Yes, he was - Nagini was made after his attempt to kill the Potters.

The Dark Lord wanted his soul to be split into seven pieces - six Horcruxes and the part in him.

“But firstly, no, Harry, not seven Horcruxes: six. The seventh part of his soul, however maimed, resides inside his regenerated body.”
- Harry Potter and the Half-Blood Prince, Chapter 23 (Horcruxes)

Dumbledore suspected that the Dark Lord had been one Horcrux short of his goal at the time he went to kill the Potters, and was likely planning to make his final Horcrux using Harry’s death.

“However, if my calculations are correct, Voldemort was still at least one Horcrux short of his goal of six when he entered your parents’ house with the intention of killing you.”
- Harry Potter and the Half-Blood Prince, Chapter 23 (Horcruxes)

Dumbledore also suspected that years later from his attempt to kill Harry, the Dark Lord decided to use Nagini as his last Horcrux after using her to kill an old Muggle man.

“After an interval of some years, however, he used Nagini to kill an old Muggle man, and it might then have occurred to him to turn her into his last Horcrux.”

This is confirmed in an interview with J.K. Rowling, where she says the Dark Lord turned Nagini into a Horcrux using Bertha Jorkins’s death - which happened years after his killing the Potters.

Lady Bella: Whose murders did Voldemort use to create each of the Horcruxes?

J.K. Rowling: The diary – Moaning Myrtle.
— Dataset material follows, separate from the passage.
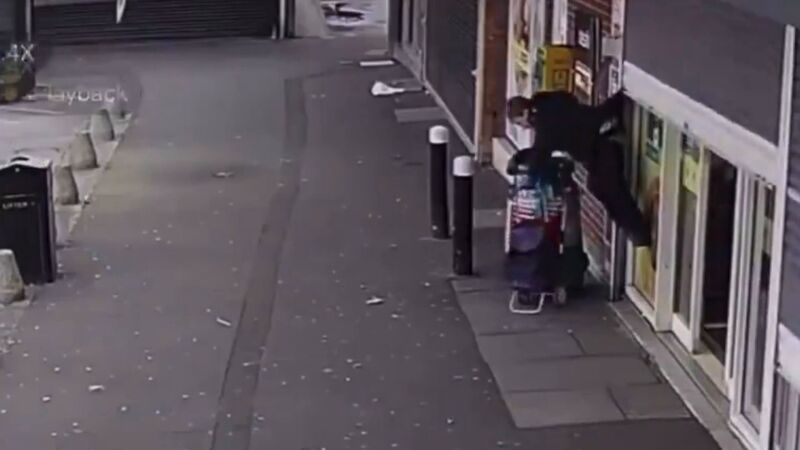 Una mujer fue sorprendida en Reino Unido por la persiana de un supermercado, que se enganchó a su abrigo y la alzó.

The cup – Hepzibah Smith, the previous owner. The locket – a Muggle tramp. Nagini – Bertha Jorkins (Voldemort could use a wand once he regained a rudimentary body, as long as the victim was subdued). The diadem – an Albanian peasant. The ring – Tom Riddle Sr.
- Bloomsbury Live Chat (July 30, 2007)

So, the Dark Lord was still in the process of creating his Horcruxes when he went to Godric’s Hollow to kill the Potters - he’d already had five, but he needed one more to make six.